Gerou forte repercussão em Apucarana o acordo firmado por três supermercados da cidade – Muffato, Cidade Canção e Condor – para funcionar no feriado de Sexta-Feira Santa. Tradicionalmente, esses estabelecimentos fecham na cidade nesta data, considerada sagrada para os católicos. Após reação negativa da Igreja Católica e de outros setores da sociedade, os supermercados decidiram voltar atrás e não vão mais abrir. Prevaleceu o bom senso. Afinal, é preciso respeitar algumas tradições e a Sexta-Feira Santa é um dia de reflexão e meditação para todos os cristãos.
O funcionamento dos supermercados no feriado religioso é o assunto mais comentado de Apucarana nos últimos dias. A reação ao acordo firmado com o sindicato dos trabalhadores gerou, na verdade, um grande mal-estar. Além dos trabalhadores dessas empresas, que ficaram evidentemente revoltados, os católicos consideraram a decisão um gesto de ganância e uma grande afronta à religião.
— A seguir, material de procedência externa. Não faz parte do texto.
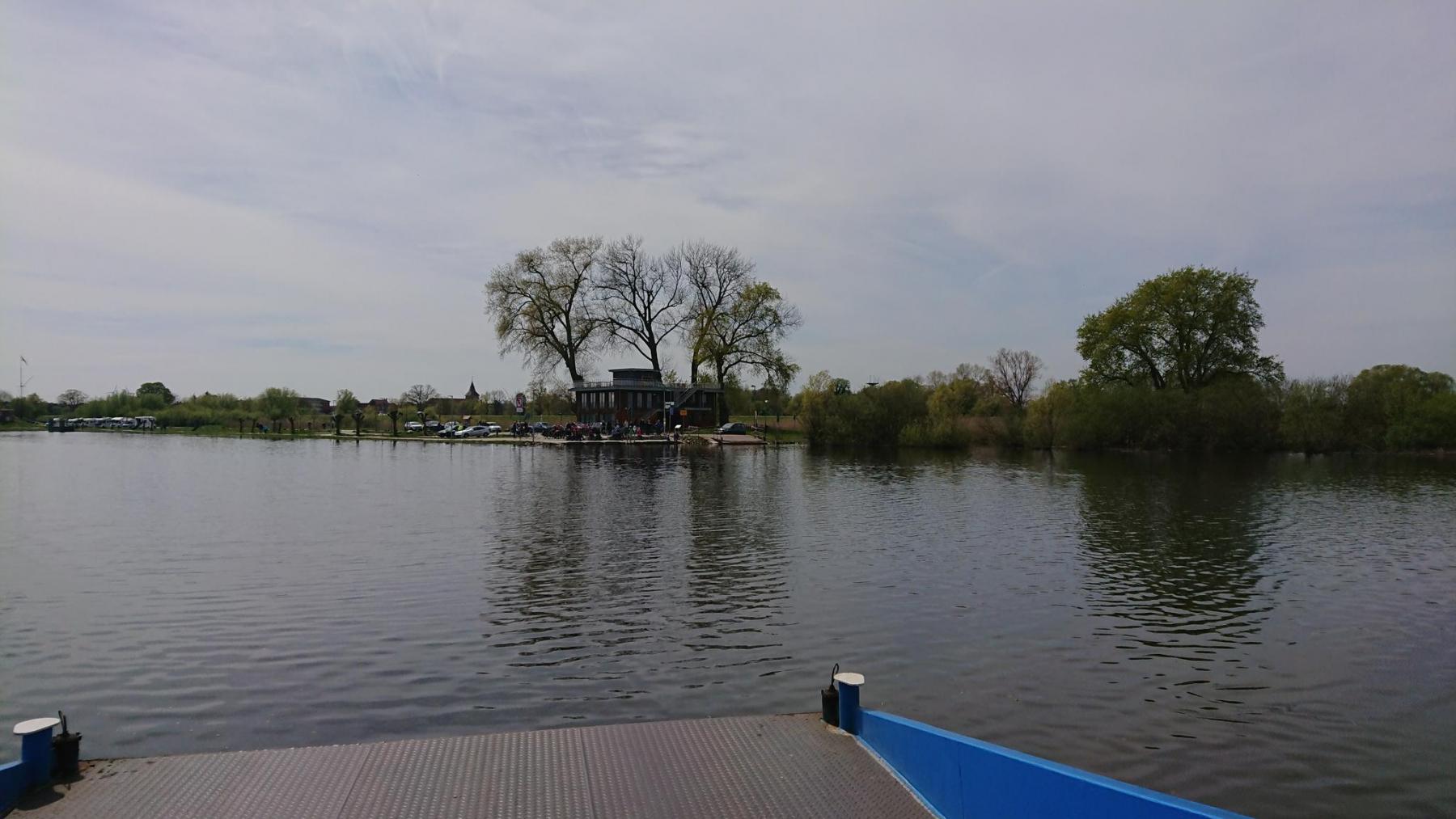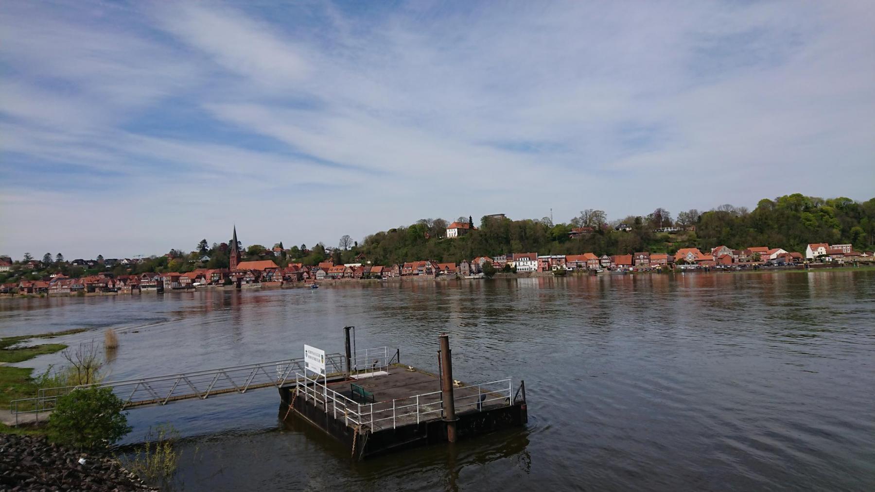 Die Elbe hat Hochwasser und ist gerade noch in Ihrem Bett. Bei normalem Wasserstand geht man eine Rampe runter bzw rauf, wenn man auf die Fähre oder von der Fähre geht. Heute können wir ohne Höhenunterschied auf die Fähre und auch wieder hinunter.

O padre Roberto Carrara, pároco da Catedral Nossa Senhora de Lourdes, foi a voz mais dura na cidade. Em missas do último final de semana e também em entrevistas à imprensa, ele defendeu abertamente um boicote aos supermercados.
O prefeito Beto Preto (PSD) também se envolveu na polêmica. Ele convocou representantes desses estabelecimentos para uma reunião, quando solicitou que a decisão de funcionar na Sexta-Feira Santa fosse revista.
Por fim, os supermercados adotaram o bom senso e atenderam aos apelos da comunidade apucaranense. É importante respeitar algumas tradições, principalmente religiosas. O lucro não pode ser o único objetivo. É preciso agir de acordo com os anseios e ideais de uma comunidade, como é o caso dos católicos em Apucarana.
Afinal, não deixa de ser contraditório que os supermercados decidam fechar, por exemplo, no Carnaval, que sequer é feriado nacional. Nesse contexto, não tem sentido que a Sexta-Feira Santa, de tanto significado religioso, seja desrespeitada.,
Esse episódio envolvendo os supermercados acaba servindo como mais uma oportunidade de reflexão. Até que ponto a sociedade atual valoriza o lucro? Estamos perdendo ou deixando de lado alguns valores importantes? O aspecto comercial passou a dominar todas as nossas ações?
A polêmica dos supermercados, portanto, pode ajudar os católicos e também os não católicos a refletir e meditar sobre os nossos desafios intrínsecos.